Few outside the Muslim world realize how prominently he appears in the text. Jesus, known in Arabic as Isa, is mentioned more than twenty times and is surrounded by descriptions that set him apart in striking ways. The Qur’an calls him al-Masih, the Messiah (Qur’an 3:45). It recounts his miraculous birth to Maryam, declaring that God said to her, “We give you good news of a word from Him whose name will be the Messiah, Jesus son of Mary” (Qur’an 3:45). Mary herself is honoured so highly that she is the only woman mentioned by name in the Qur’an, and an entire chapter bears her name (Qur’an 19).
Already this is unusual.
But the distinctiveness of Jesus in the Qur’an becomes even more intriguing when one looks closely at how he is described. He is the only prophet in the Qur’an born of a virgin, the narrative describing how the angel announces his birth to Mary without the involvement of a human father (Qur’an 19:16–21). He is called a Word from God (Qur’an 4:171), striking language because revelation in Islam normally comes as words delivered to prophets, yet here the prophet himself is described as a word proceeding from God.

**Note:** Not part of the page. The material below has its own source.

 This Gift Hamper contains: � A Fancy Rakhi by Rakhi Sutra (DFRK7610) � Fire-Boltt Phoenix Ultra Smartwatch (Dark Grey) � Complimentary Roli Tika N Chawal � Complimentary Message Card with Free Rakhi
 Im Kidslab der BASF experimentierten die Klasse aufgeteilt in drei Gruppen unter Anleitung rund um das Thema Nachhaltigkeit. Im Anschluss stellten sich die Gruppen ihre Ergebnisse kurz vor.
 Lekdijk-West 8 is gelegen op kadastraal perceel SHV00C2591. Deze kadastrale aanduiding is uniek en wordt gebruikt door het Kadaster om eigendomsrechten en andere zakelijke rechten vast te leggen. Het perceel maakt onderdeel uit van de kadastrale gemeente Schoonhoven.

In the same passage he is called a Spirit from Him (Qur’an 4:171), a description not applied to any other prophet. The Qur’an also attributes to him extraordinary signs. By God’s permission he heals the blind, cures the leper, and even raises the dead (Qur’an 3:49). Finally, the Qur’an refers to him as honoured in this world and in the next and among those brought near to God (Qur’an 3:45).
Taken together, these descriptions form a portrait that is unusual even within the company of the prophets. For readers encountering these passages, the portrait invites a natural question. Who exactly is this man?

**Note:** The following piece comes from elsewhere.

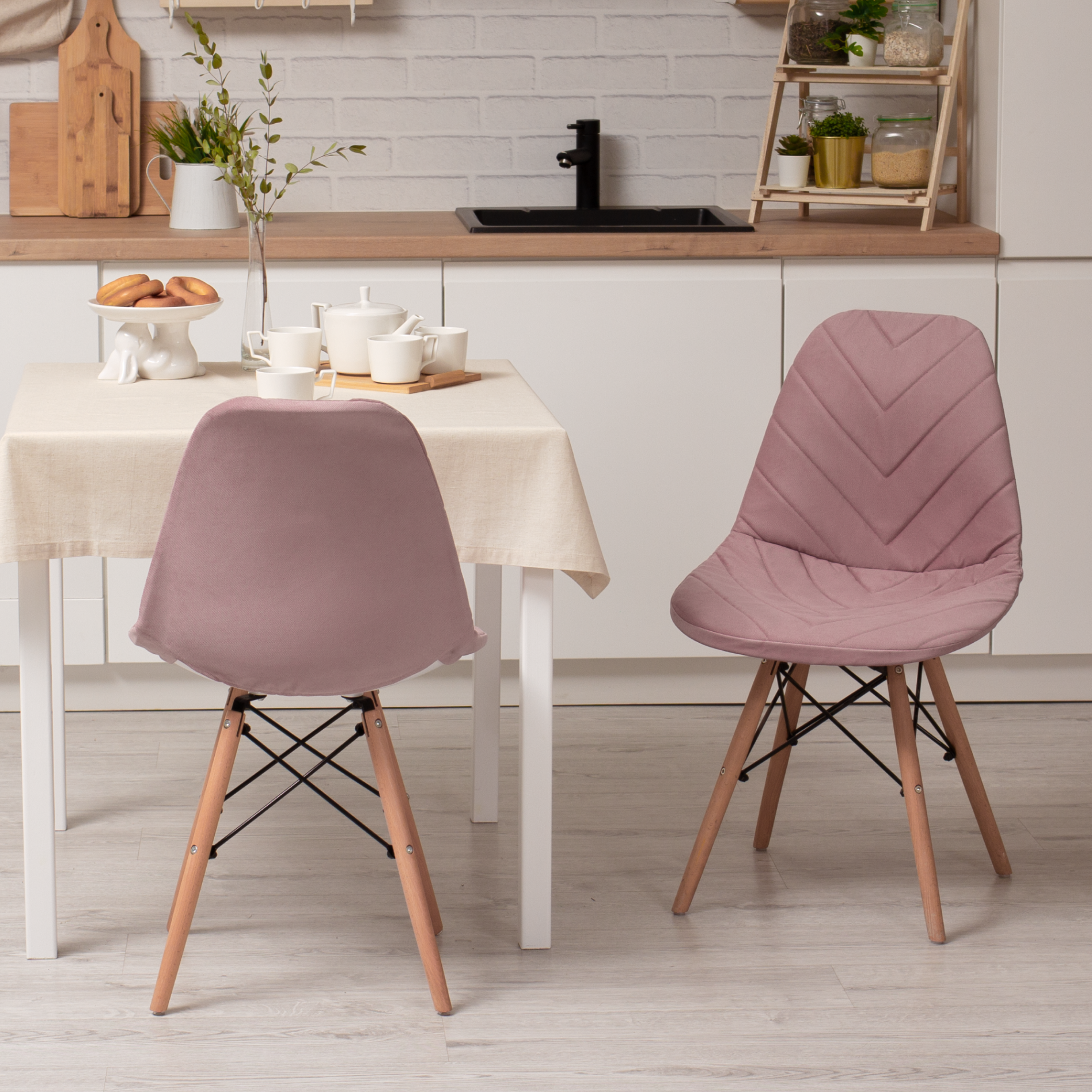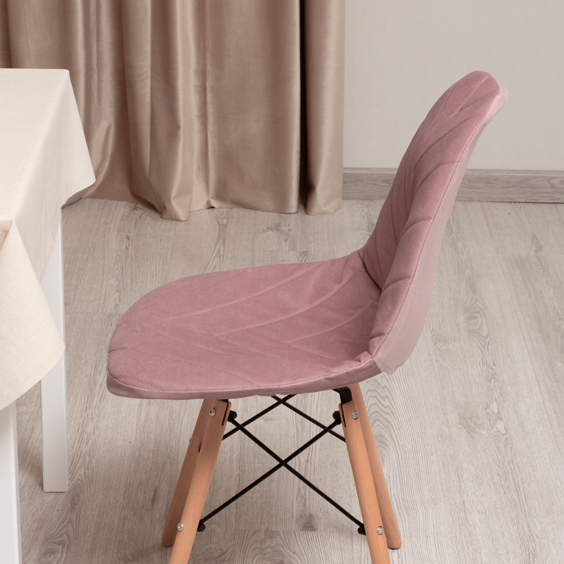 Купить Чехол на стул со спинкой Eames из микровелюра, 40x46 см, пыльная роза

Here the Qur’an and the Gospel part ways. The Qur’an honours Jesus as a prophet and messenger of God. The Gospel presents him as something more. “In the beginning was the Word, and the Word was with God, and the Word was God… and the Word was made flesh and dwelt among us” (John 1:1,14). Both traditions therefore recognize the uniqueness of Jesus. The difference lies in how that uniqueness is interpreted.
Ramadan, with its quiet discipline and spiritual attentiveness, creates a moment in which such questions can be considered thoughtfully rather than hurriedly. Fasting reminds believers that “man shall not live by bread alone, but by every word that proceeds from the mouth of God” (Matthew 4:4; Deuteronomy 8:3). When the noise of life recedes, questions often become clearer. If the Qur’an calls Jesus the Messiah, what does that mean? If he is described as a Word from God and a Spirit from Him, what does such language imply? Why does the Qur’an surround his life with such extraordinary signs?
Across centuries the same question continues to echo through both traditions. It is the question Jesus once asked his disciples: “Whom say ye that I am?” (Matthew 16:15). The answer to that question has shaped the faith of billions.
And perhaps in seasons of fasting and reflection, when the noise of life grows quieter and the soul listens more carefully for the voice of God, that question becomes clearer than ever.